The eval harness scores generated questions against hand-labeled gold using jaccard-over-tokens + a kind-match floor.

Baseline (v0.2, May 2026)

On a 38-case hand-labeled gold subset: mean overlap@3 = 0.283, kind-match (any of top-3) = 50%. Strongest slice: domain-context at 0.397.

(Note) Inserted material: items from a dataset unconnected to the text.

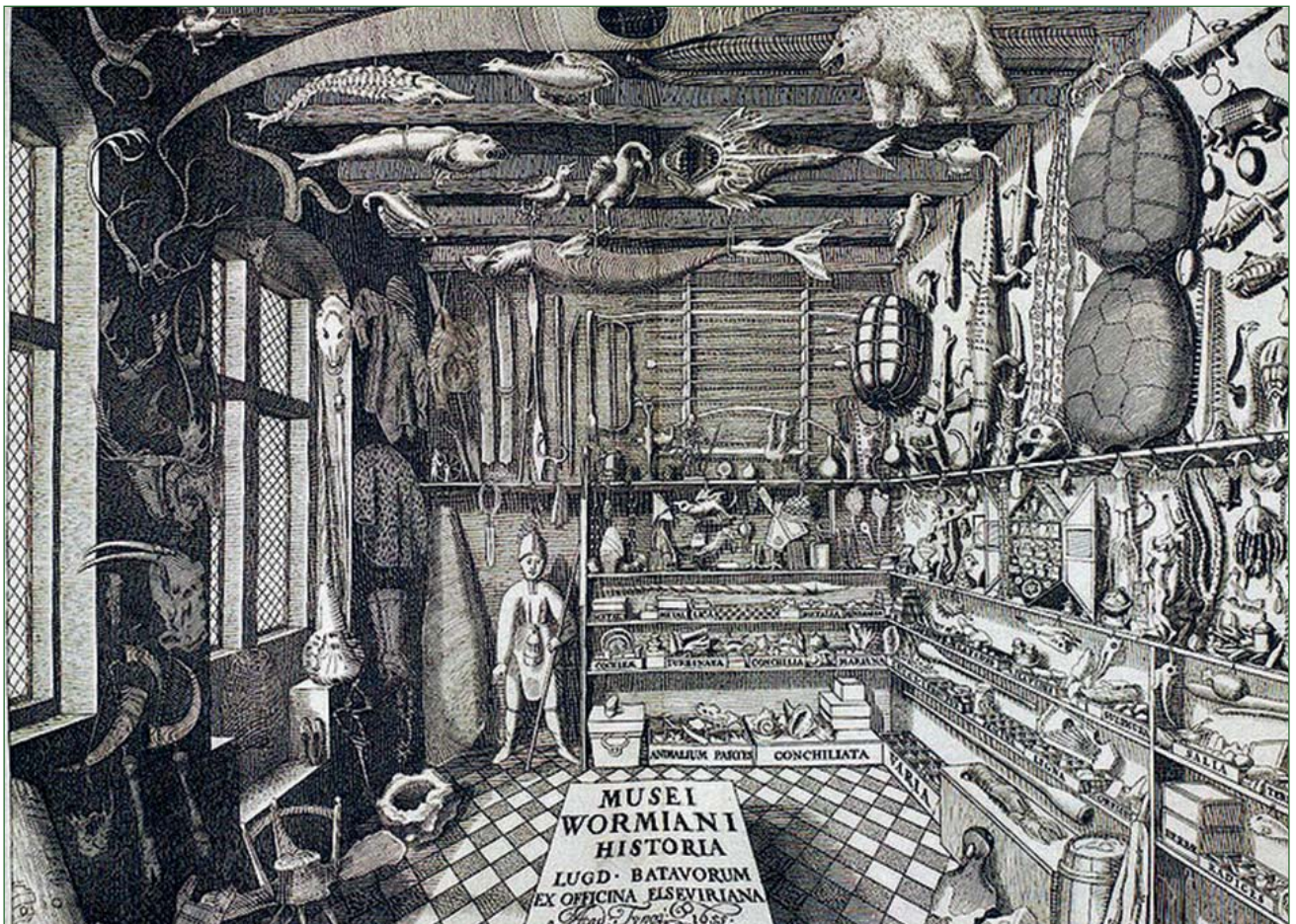
■ Fig 2. Ole Worm sitt kuriositetskabinett i København, frå «Museum Wormianum» (1655). I kuriositetskabinettet samla og viste ein fram sjeldne og merkelege gjenstandar som utfodra tanken, men som samtidig blei plassert inn i ein ordna heilskap i det dei fekk plass i kabinettet.

og kuriøse på 15- og 1600-talet var forankra i gjengse førestellingar om verda og korleis ho var organisert og slik var i takt med tidas kunnskap, blei dette samlarprinsippet på 1700-talet altså degradert til noko ein oppfatta som uvitskapleg og irrelevant: Naturforskarer som Friedrich Martini (1729-1778) i Berlin skilde såleis mellom naturforskarer , som var ute etter dei vesentlege eigenskapane, systemet og nytten, og liebhabaren som var opptatt av det ytre, etter avvekslande former og ytre venleik. 8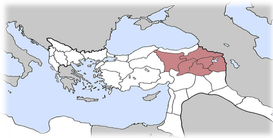
Prilog 2. Prikaz teritorija naseljenog Armencima unutar Osmanskog Carstva početkom 20. stoljeća.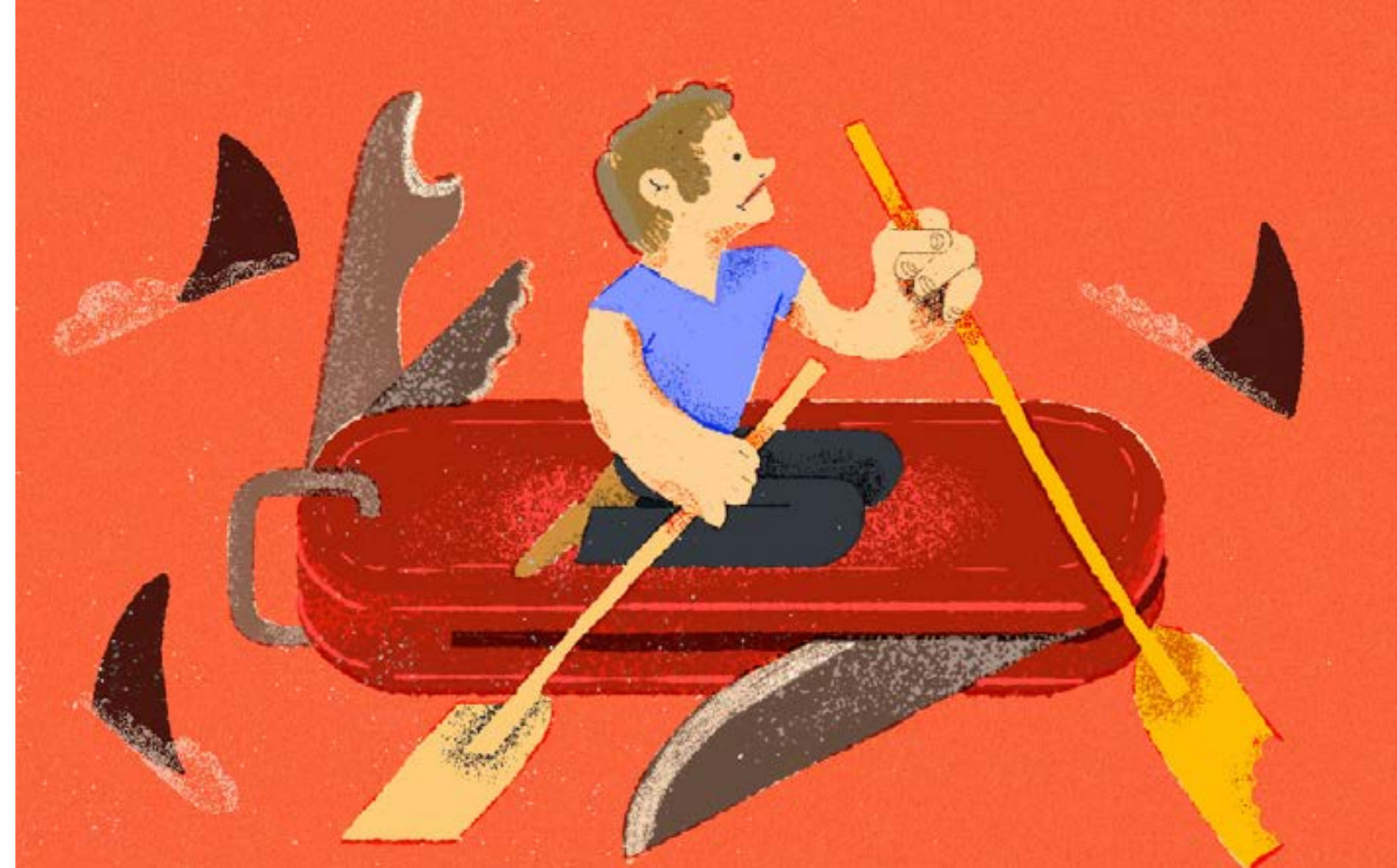
'Naufragio en tierra firme' Cabecera. Cliente: Periodismo de Barrio, 2021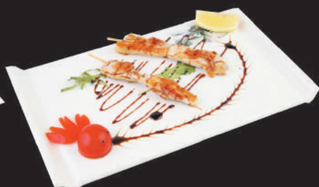
215 Spiedini di Pollo €3,00 2pz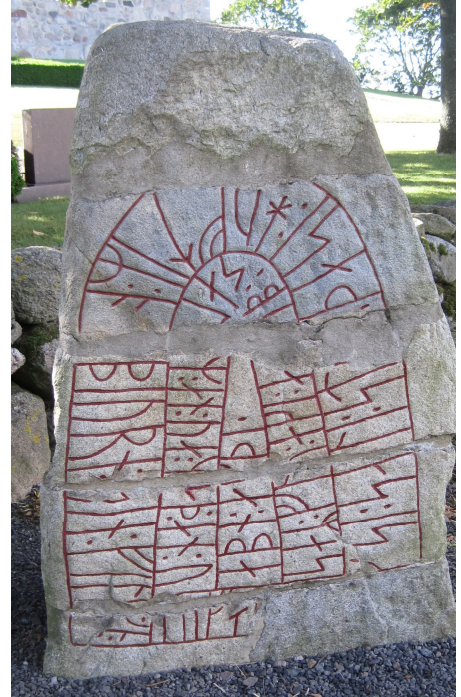
DR 279 Sjörups kyrka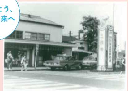
昭和42年の三鷹駅 三鷹駅が開業90周年を迎えました(6月25日)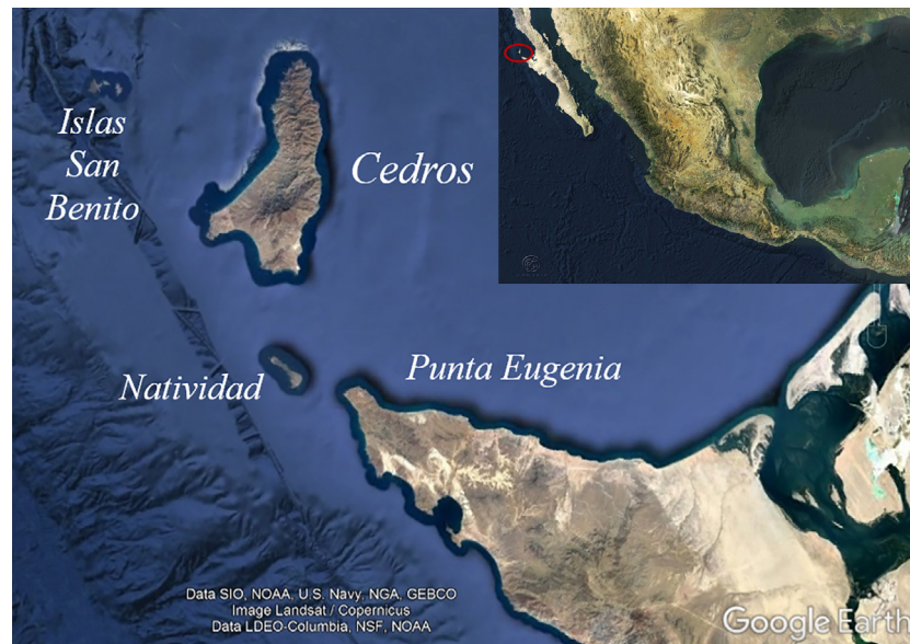
Figura 2. El archipiélago denominado Islas de San Esteban por Ulloa (1540) e Islas de los Dolores por Taraval (1733). Elaboración propia con base en CONABIO y Google Earth, 2019

A pesar de que la península de Baja California fue visitada desde el siglo XVI por navegantes como Rodríguez Cabrillo (1542) y Vizcaino (1602-1603), esos exploradores y otros únicamente escribieron relaciones de su experiencia en la búsqueda de recursos naturales tales como el oro y las perlas, en las que narraban la resistencia de los indígenas frente a los extranjeros.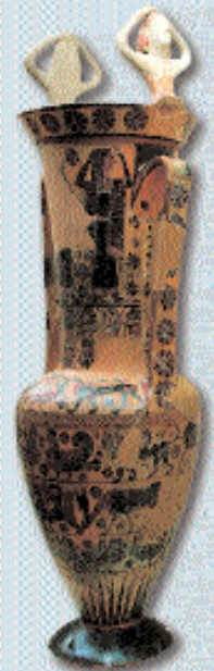
5. Λουτροφόρος με γραπτό και πλαστικό διάκοσμο θρηνώδων. 660-580 π.Χ.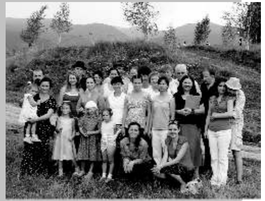
Csíksszentimre - a Hargita lábánál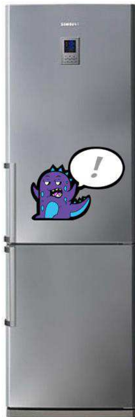
Рис. 7. Использование магнита и его примерный размер

На рисунке 7 показано использование магнита и его примерный размер.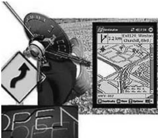
StreetTalk GPS Solution (met PAC Mate 1000 tot 1400 g) [pda-functies wel toegankelijk]

soort hulpmiddelen een essentieel gegeven is, vermelden we het telkens tussen haakjes.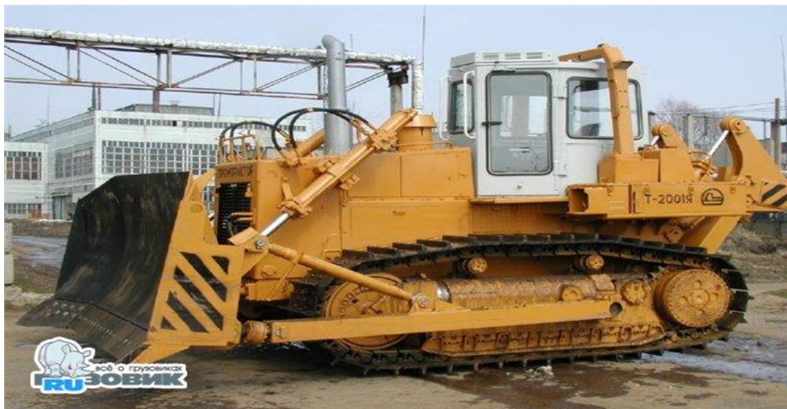
Рис. 4.2 бульдозера-рыхлителя Четра Т-130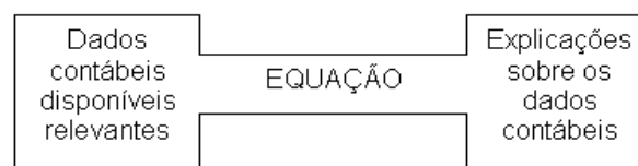
Figura 2 – Formalização da Equação

Segundo MARION e SILVA (1986): Capacidade Explicativa : "Uma equação é tanto melhor quanto maior o aspecto explicado por ela. A equação deve abarcar um maior número de dados contábeis possíveis e disponíveis e relevantes."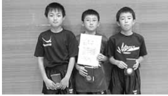
団体戦で北日本大会へ!

Full results, methodology, per-kind breakdown, limitations, and reproduction in SHIP.md.

Architecture

prompt-guard/
├── src/
│   ├── index.ts                     # main PromptGuard class (static-context path)
│   ├── checks/                      # check registry pattern
│   │   ├── registry.ts
│   │   ├── types.ts
│   │   ├── files.ts                 # one file per check
│   │   ├── tests.ts
│   │   ├── criteria.ts
│   │   ├── constraints.ts
│   │   ├── local-env.ts
│   │   ├── context-window.ts
│   │   └── corpus-clarify.ts        # MVP-3 corpus-grounded check
│   ├── corpus/
│   │   ├── schema.ts                # SQLite schema + FTS5
│   │   ├── db.ts                    # opener + migrations
│   │   ├── reader.ts                # BM25 retrieval (CorpusReader)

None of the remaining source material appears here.